What the exercise asks | Every record must be copied exactly.

━━━━━━━━

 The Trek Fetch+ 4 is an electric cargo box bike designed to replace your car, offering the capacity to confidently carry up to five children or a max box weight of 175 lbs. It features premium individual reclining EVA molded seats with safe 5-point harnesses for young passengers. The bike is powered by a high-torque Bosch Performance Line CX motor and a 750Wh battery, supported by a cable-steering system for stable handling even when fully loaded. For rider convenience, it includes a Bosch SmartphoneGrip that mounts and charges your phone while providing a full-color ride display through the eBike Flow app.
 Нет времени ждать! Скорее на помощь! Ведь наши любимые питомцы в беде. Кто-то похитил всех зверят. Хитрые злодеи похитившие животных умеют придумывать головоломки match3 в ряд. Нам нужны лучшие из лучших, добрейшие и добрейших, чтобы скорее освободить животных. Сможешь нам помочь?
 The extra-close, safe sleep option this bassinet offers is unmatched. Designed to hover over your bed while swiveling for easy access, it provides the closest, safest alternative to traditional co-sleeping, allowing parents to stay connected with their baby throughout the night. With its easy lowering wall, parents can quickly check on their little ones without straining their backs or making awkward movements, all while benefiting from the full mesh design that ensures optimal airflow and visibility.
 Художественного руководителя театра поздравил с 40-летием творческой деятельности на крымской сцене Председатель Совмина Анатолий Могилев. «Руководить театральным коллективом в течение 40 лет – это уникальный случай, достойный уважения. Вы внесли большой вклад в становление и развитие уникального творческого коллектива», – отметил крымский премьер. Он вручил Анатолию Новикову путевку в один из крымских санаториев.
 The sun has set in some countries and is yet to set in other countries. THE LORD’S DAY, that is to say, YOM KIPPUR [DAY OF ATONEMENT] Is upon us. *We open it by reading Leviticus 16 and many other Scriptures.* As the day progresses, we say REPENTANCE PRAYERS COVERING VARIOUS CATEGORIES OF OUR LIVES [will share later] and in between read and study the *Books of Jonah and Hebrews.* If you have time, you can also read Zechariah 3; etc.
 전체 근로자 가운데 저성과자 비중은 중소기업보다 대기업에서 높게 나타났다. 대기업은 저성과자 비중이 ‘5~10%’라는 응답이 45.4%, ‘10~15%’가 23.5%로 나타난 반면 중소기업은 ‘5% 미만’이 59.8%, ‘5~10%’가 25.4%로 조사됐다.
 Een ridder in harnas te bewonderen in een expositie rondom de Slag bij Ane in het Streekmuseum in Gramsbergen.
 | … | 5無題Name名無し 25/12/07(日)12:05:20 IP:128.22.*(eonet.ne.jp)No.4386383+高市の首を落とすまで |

━━━━━━━━

Written reply |
 The Trek Fetch+ 4 is an electric cargo box bike designed to replace your car, offering the capacity to confidently carry up to five children or a max box weight of 175 lbs. It features premium individual reclining EVA molded seats with safe 5-point harnesses for young passengers. The bike is powered by a high-torque Bosch Performance Line CX motor and a 750Wh battery, supported by a cable-steering system for stable handling even when fully loaded. For rider convenience, it includes a Bosch SmartphoneGrip that mounts and charges your phone while providing a full-color ride display through the eBike Flow app.
 Нет времени ждать! Скорее на помощь! Ведь наши любимые питомцы в беде. Кто-то похитил всех зверят. Хитрые злодеи похитившие животных умеют придумывать головоломки match3 в ряд. Нам нужны лучшие из лучших, добрейшие и добрейших, чтобы скорее освободить животных. Сможешь нам помочь?
 The extra-close, safe sleep option this bassinet offers is unmatched. Designed to hover over your bed while swiveling for easy access, it provides the closest, safest alternative to traditional co-sleeping, allowing parents to stay connected with their baby throughout the night. With its easy lowering wall, parents can quickly check on their little ones without straining their backs or making awkward movements, all while benefiting from the full mesh design that ensures optimal airflow and visibility.
 Художественного руководителя театра поздравил с 40-летием творческой деятельности на крымской сцене Председатель Совмина Анатолий Могилев. «Руководить театральным коллективом в течение 40 лет – это уникальный случай, достойный уважения. Вы внесли большой вклад в становление и развитие уникального творческого коллектива», – отметил крымский премьер. Он вручил Анатолию Новикову путевку в один из крымских санаториев.
 The sun has set in some countries and is yet to set in other countries. THE LORD’S DAY, that is to say, YOM KIPPUR [DAY OF ATONEMENT] Is upon us. *We open it by reading Leviticus 16 and many other Scriptures.* As the day progresses, we say REPENTANCE PRAYERS COVERING VARIOUS CATEGORIES OF OUR LIVES [will share later] and in between read and study the *Books of Jonah and Hebrews.* If you have time, you can also read Zechariah 3; etc.
 전체 근로자 가운데 저성과자 비중은 중소기업보다 대기업에서 높게 나타났다. 대기업은 저성과자 비중이 ‘5~10%’라는 응답이 45.4%, ‘10~15%’가 23.5%로 나타난 반면 중소기업은 ‘5% 미만’이 59.8%, ‘5~10%’가 25.4%로 조사됐다.
 Een ridder in harnas te bewonderen in een expositie rondom de Slag bij Ane in het Streekmuseum in Gramsbergen.
 | … | 5無題Name名無し 25/12/07(日)12:05:20 IP:128.22.*(eonet.ne.jp)No.4386383+高市の首を落とすまで |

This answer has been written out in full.